To start off the day I reckoned that I'd go to the petrol station to fetch myself some coffee, and take a few photographs.
I remember being quite surprised when I opened the door to my room, and about a foot of snow fell in. We seemed to have had quite a pasting through the night, and it was still coming down now.
Well, you can see from the photograph that the above comments are something in the way of artistic licence. Nevertheless you get the idea from the amount of snow on the car. There wasn't any at all on the roof last night.
From the top end of the car park there was this really impressive view of the mountain in the background all covered in snow.
I was thinking to myself that this would make a really nice Christmas scene if I ever get round to making my own cards. You have to admit that the view over there is pretty stunning.
As for the motel, 30-odd dollars it cost me to stay here. Well well worth the price, I reckon. Much better that 300 dollars they wanted from the Wilderness Hotel and Ski Resort, don't you think?
Remember that I'm a tourist on the "Economy Package".
I headed for the street and wandered off in the general diriection of the petrol station for a coffee. It was cold, and I needed something to warm me up.

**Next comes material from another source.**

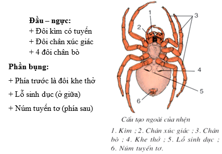 Hãy điền chú thích hình vẽ cấu tạo ngoài của nhện:

You can see just how cold it is by looking at the stream that passes under the roadway here. The steeper the stream, the faster it flows and the less chance it has to freeze, and this was quite steep.
However, where the stream had slowed up due to the friction from the banks, it had frozen solid.
Yes, it was quite cold again this morning.
But it was really nice walking through the snow in Colebrook, as we don't really get very much these days in Europe, what with global warming and all that. That is something I find really sad. I miss the snow that we had as kids.
Now as you can see, Colebrook looks like a nice, typically pleasant American mountain town, which indeed it was.
It reminded me of the kind of place where the Waltons would live. It was small, rural and inward-looking. The kind of place where everyone knows each other's business.
I could quite happily live here. Because of the injuries I received in a serious car accident in 1987, I often forget what it is that I'm supposed to be doing. Were I to live in Colebrook, it would be no problem at all. The neighbours would know, alright and they would soon tell me.
Not long after I posted the above, I had an e-mail from someone. He told me that he had lived for quite a while in Colebrook and he totally understood everything that I had written, both this morning and yesterday evening, about the town and its inhabitants.
That was exactly how he remembered the town. And from one or two other things that he was saying I thought immediately of NUTBUSH CITY LIMITS
I liked Colebrook. It reminded me of Pionsat, the nearest small town to my farm. Yes, definitely my kind of town.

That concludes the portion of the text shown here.